Synergistic S-doped biomass carbon and N-doped carbon for construction of interlayer expanded MoS2 core/shell nanospheres for potassium and sodium storage

Abstract

The construction of high-performance anode materials is the critical technology for promoting the development and application for potassium-ion batteries (PIBs). Herein, we present the synthesis of S-doped biomass carbon/MoS2@N-doped carbon core-shell nanospheres with the expanded interlayer of 0.99 nm (S-BC/E-MoS2@N-C) via the combined hydrothermal and polymerized method. In the hydrothermal process, we firstly find that the biomass carbon is heteroatomic doped with sulfur in the hydrothermal process by the sulfur source for forming MoS2. The polymerized N-doped carbon is forming on surface of MoS2 nanosheets for construction sandwiched core-shell structure. The N-doped carbon layer and S-doped biomass carbon use cooperatively to establish an omnibearing conductive network on MoS2 by internal and external integration. In such a unique structure, high conductivity and excellent structural stability are achieved in the S-BC/E-MoS2@N-C composite.

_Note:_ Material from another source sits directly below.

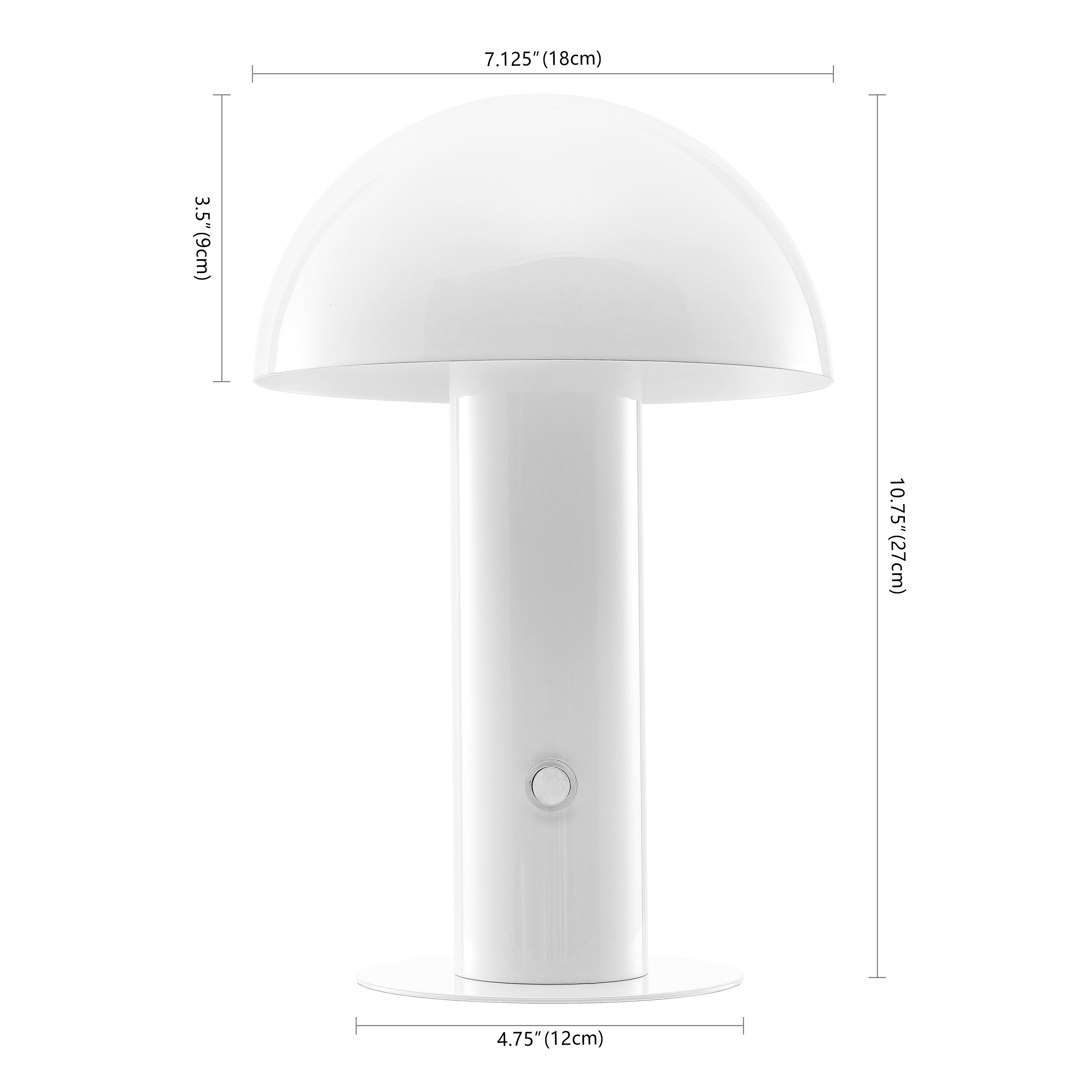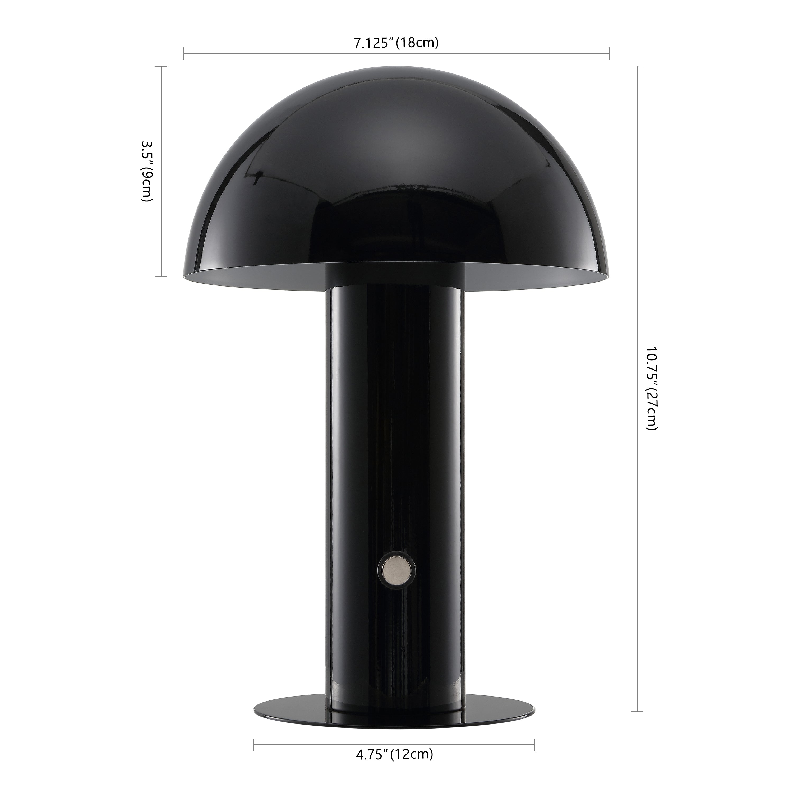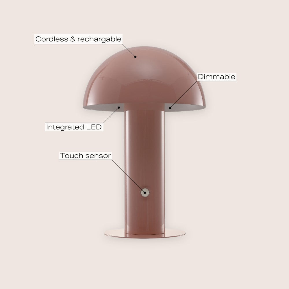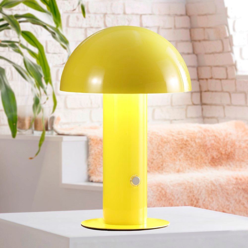 Our portable mushroom lamp's minimalist silhouette is the perfect modern accent for a desk, bar console or vanity. This cordless, rechargeable lamp provides dimmable mood lighting for your dining room, living room, bedroom, or entry. The durable metal design features integrated LED bulbs and a touch sensor to control the three brightness settings.

Consequently, the S-BC/E-MoS2@N-C electrodes exhibit superior potassium storage performances including enhanced rate capability and good cycled stability with high reversible capacities (156.6 mA h g−1 after 650 cycles at 100 mA g−1). And for sodium ion batteries, the S-BC/E-MoS2@N-C electrode delivers an initial reversible capacity of 538.9 mAh g−1 at 200 mA g−1 and maintains 371.1 mAh g−1 after 200 cycles. This work shed a kind of double heteratomic doping and core-shell hierarchical structure of MoS2 anodes in potassium/sodium storage.